Seesaws around 20-DMA, $14.00 appears key hurdle


  • USD/TRY holds onto the weekly grind around key technical indicators.
  • 20-DMA, 50% Fibonacci retracement clutch the immediate moves.
  • Sustained trading above 50-DMA, MACD conditions signal further upside.
  • Five-week-old horizontal line challenges short-term buyers, 61.8% Fibo. adds to the downside filters.

USD/TRY remains sidelined around $13.40 during Wednesday’s Asian session.

In doing so, the Turkish lira (TRY) pair takes rounds to the 20-DMA and 50% Fibonacci retracement (Fibo.) of September-December upside of late.

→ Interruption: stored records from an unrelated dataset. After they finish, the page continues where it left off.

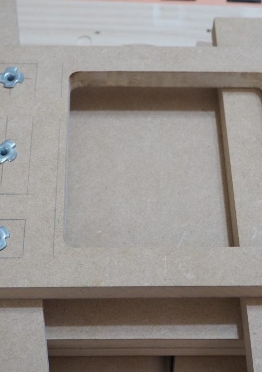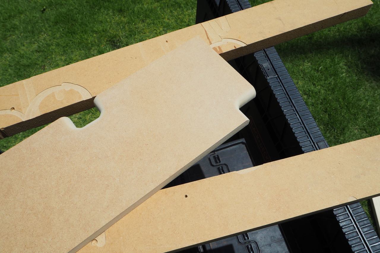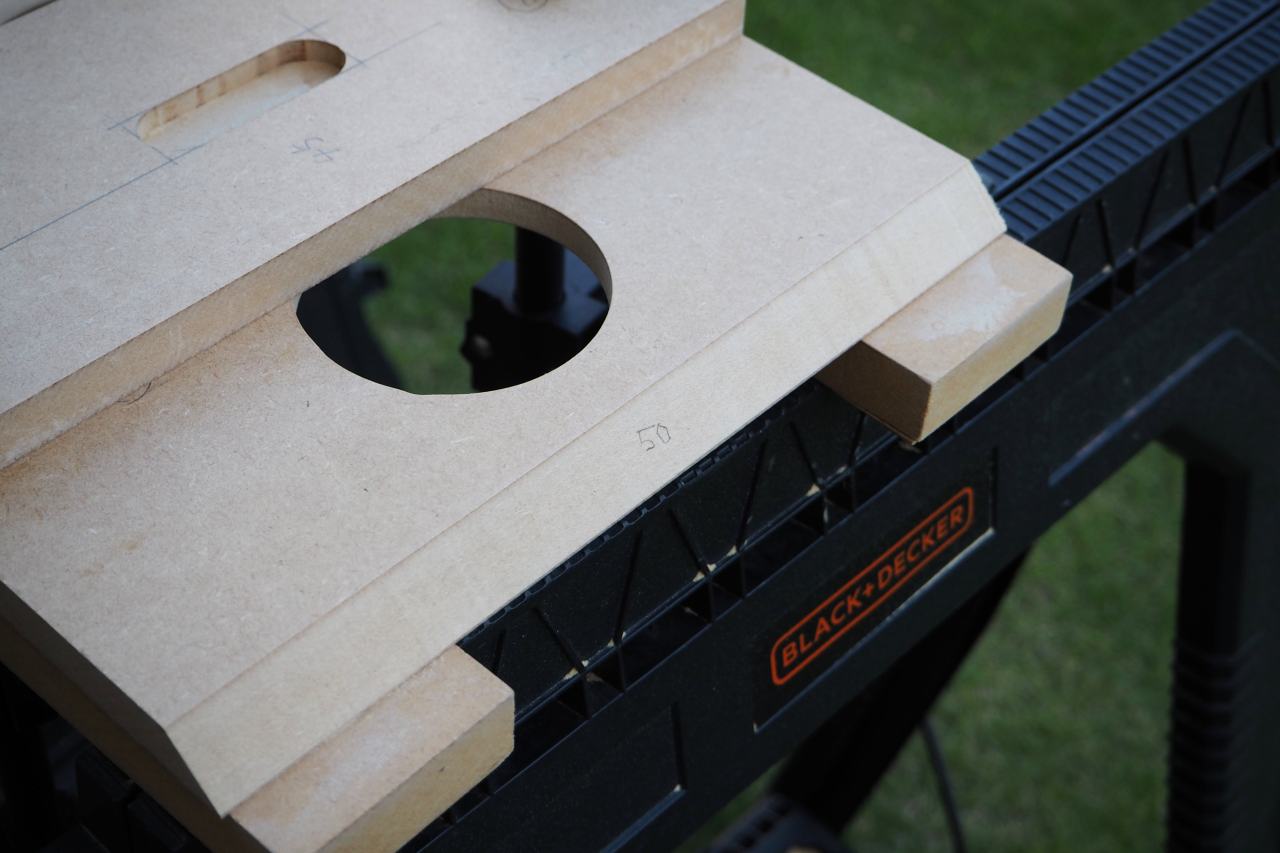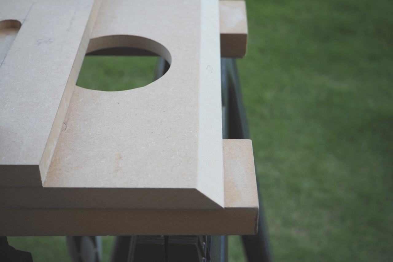 新しいトリマーも入手して、新しい傾斜トリマーベースを使い、45度以外の不定斜度でバッフルをカッタウェイするという、自身でも新しい試みです。
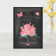 This card with a luxe look has hand-drawn flower illustrations of birth flower bouquets and bright birthstones for June birthdays, anniversaries and special days. Black chalkboard with antique engravings of decorative hardware provide a nostalgic background for the bunches of flowers, gems and bejewelled butterflies.
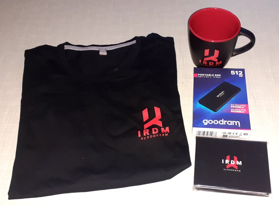 « J'ai reçu hier dans ma boite aux lettres un colis contenant un disque dur 512 GB + 1 Tee-shirt + 1 Mug + 1 Carnet de marque Goodram.

It’s worth noting, however, that the quote’s sustained trading above 50-DMA, as well as ability to bounce off 78.6% Fibo., favor buyers to aim for the horizontal resistance established since November 30, around $14.00.

Following that, $14.80 and $15.70 may test the bulls before directing them to the record high marked in the last month around $18.35.

Alternatively, pullback moves remain elusive beyond convergence of the 50-DMA and 61.8% Fibonacci retracement level near $12.10.

Also acting as short-term support is the $12.00 threshold, a break of which will again direct the quote towards 78.6% Fibo. level surrounding $10.40.

Overall, USD/TRY bulls are in command but seem cautious ahead of the key US data docket.